Our real competition lies within. The contest is against our own apathy, mediocrity and sloth. There is a pill for every normal and abnormal craving, but no pill to make you put your heart into the game. That you must do alone. What we get for putting heart into the game is sometimes just heartache, but oh those sweet returns when it all clicks—there’s nothing like it.

How much heart can we muster? How many knock downs can we rise from? How good can we become at what we do—will we lay it on the line?

Competition is a funny thing. If you give someone a fair chance to compete with heart, there’s nothing so enriching. Corrupt the spirit of competition and suddenly it gets ugly and debases everything it touches. When greed and steroids infected baseball, it declined. When greed and artificial enhancers like pitch tuners and pre-recorded concert tracks infected music, it, too, declined. Technology and its profiteers in both cases. The heart went out of it. The rest of our culture follows suit.

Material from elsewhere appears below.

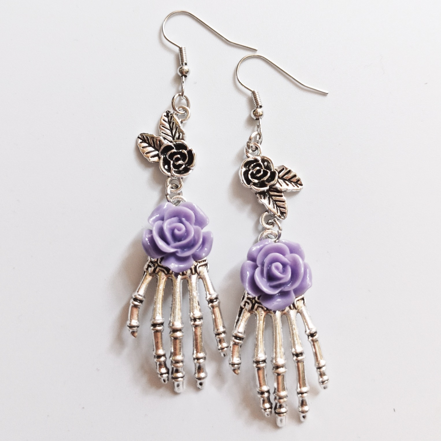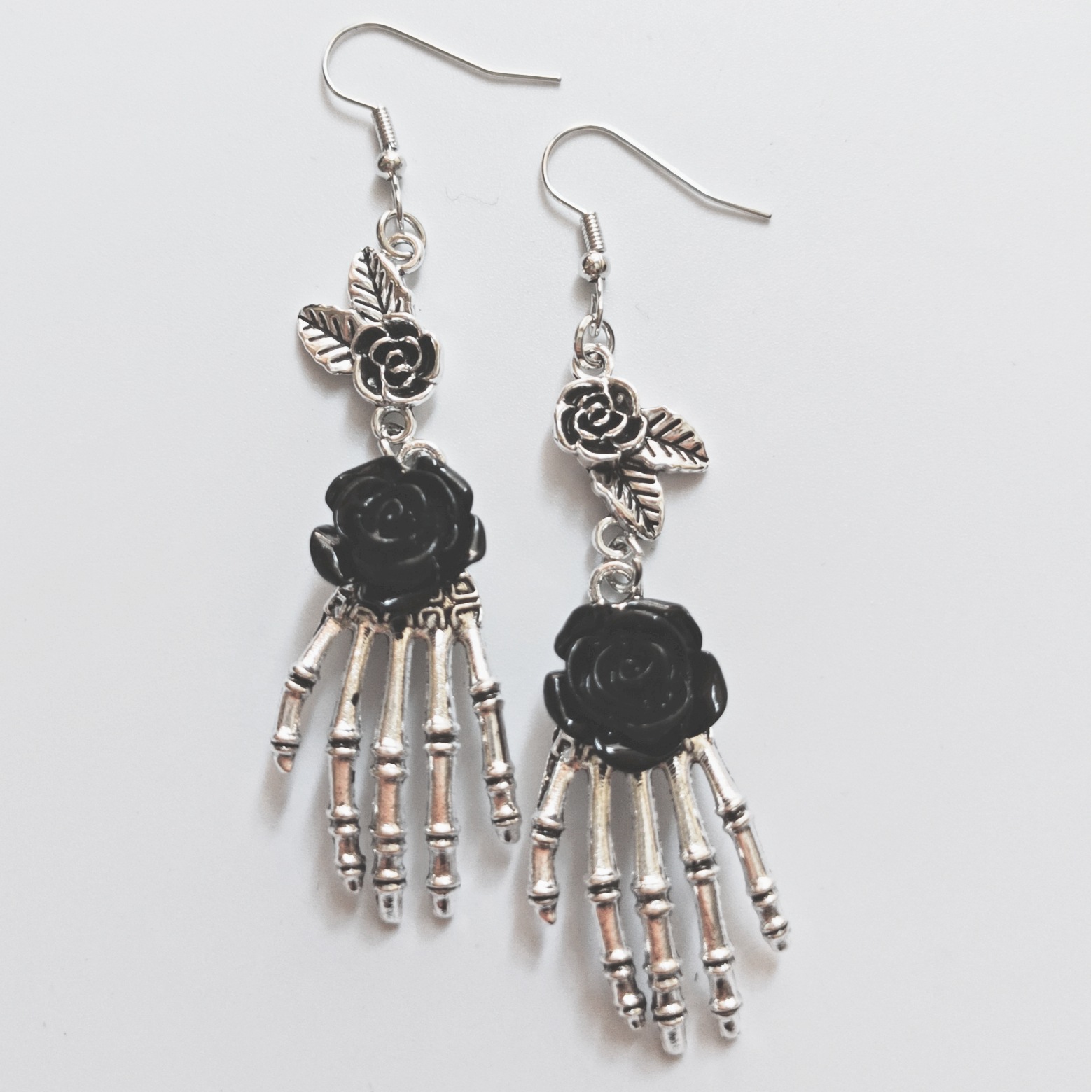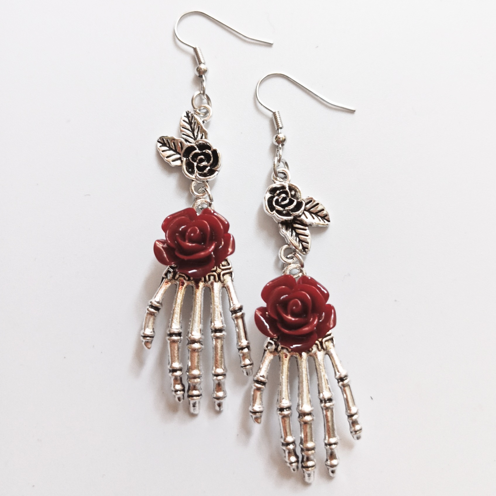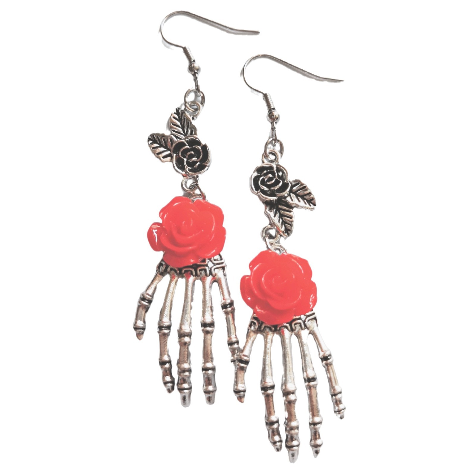 European and American new skull hand Red Rose Gothic gift handmade earrings Halloween earrings vintage jewelry

Competition and greed are almost synonymous in America these days, nearly indistinguishable. But what has been won if money can buy the victory? What have you proven if payola got you to the top; if technology fools your audience into thinking you have more talent than you do; if steroids made you hit 70 home runs; if your wealth came at the expense and ruin of the lives of others? Your victory is hollow and we all know it.

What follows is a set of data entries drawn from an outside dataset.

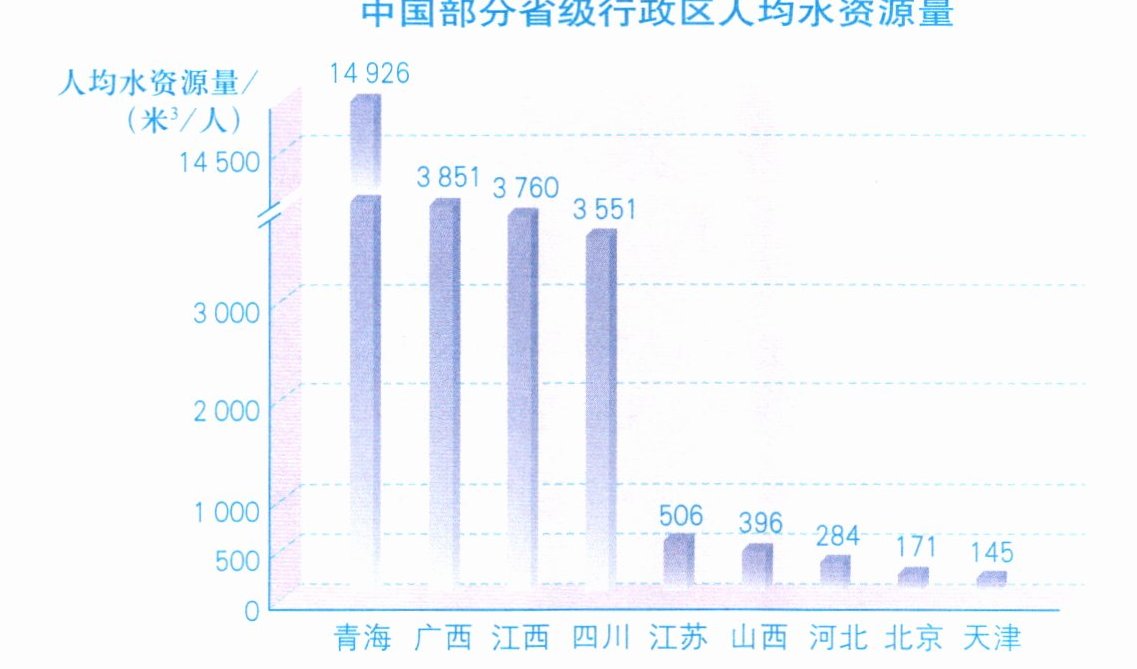 3. 读上图,人均水资源量最多的三个省级行政区是______、______、______。人均水资源量最少的三个省级行政区是______、______、______。
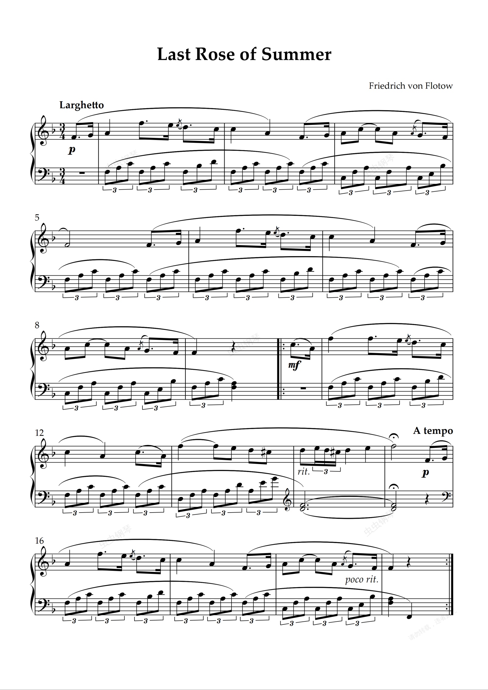 钢琴谱:Last Rose of Summer
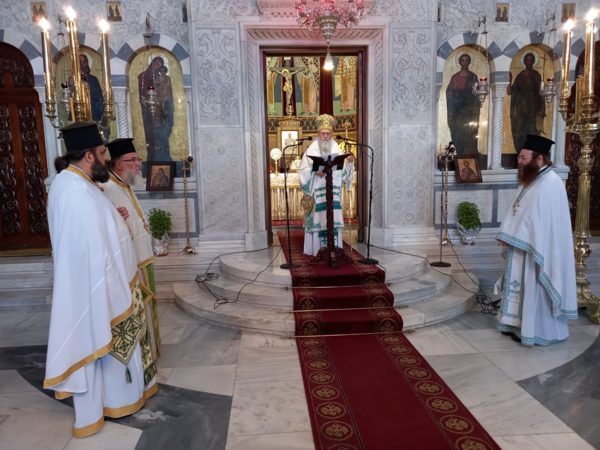 Κατά τη διάρκεια της Θείας Λειτουργίας, ο σεπτός Ποιμενάρχης αναφέρθηκε στο ιστορικό πλαίσιο της κλοπής του Τιμίου Σταυρού από τους Πέρσες, την νικηφόρο εκστρατεία που πραγματοποίησε ο Αυτοκράτορας Ηράκλειος και την επιστροφή του Τιμίου Σταυρού από τον ίδιο τον Αυτοκράτορα στην πόλη των Ιεροσολύμων, καθώς και την Ύψωση του Σταυρού από τον Πατριάρχη Ιεροσολύμων Άγιο Ζαχαρία όπου όλοι έψαλλαν το «Σῶσον Κύριε τὸν λαόν σου καὶ εὐλόγησον τὴν κληρονομίαν σου, νίκας τοῖς Βασιλεῦσι κατὰ βαρβάρων δωρούμε-νος καὶ τὸ σὸν φυλάττων διὰ τοῦ Σταυροῦ σου πολίτευμα», επισημαίνοντας ότι σε αυτό το ιστορικό γεγονός άπαντες έθεσαν πάνω από την ευημερία τους τον Σταυρό του Κυρίου, κάτι που στις μέρες μας γίνεται πλέον σπάνια.

Heart and competition on the level playing field will survive in places where the greed and corruption cannot go. The true athlete won’t blow his shot at the Olympics by using banned substances, he’ll just compete the old fashioned way. The true musical talent won’t need artificial things to enhance her performances on American Idol, she’ll just show us her heart underneath that dowdy dress. The true champion will be like my friend Vince who has beaten cancer four times and still has his sense of humor and loves to sing. These are the only true winners. The victory must be real, not concocted.

When I walk away from this game I want it to feel just like it did back on that sunlit diamond. I was only a winner if I gave it my best no matter what the score board said. To you who say winning is everything and losing is just losing, I say if we play the Real Game with heart there’s no shame in losing at all. The only shame comes from winning without honor.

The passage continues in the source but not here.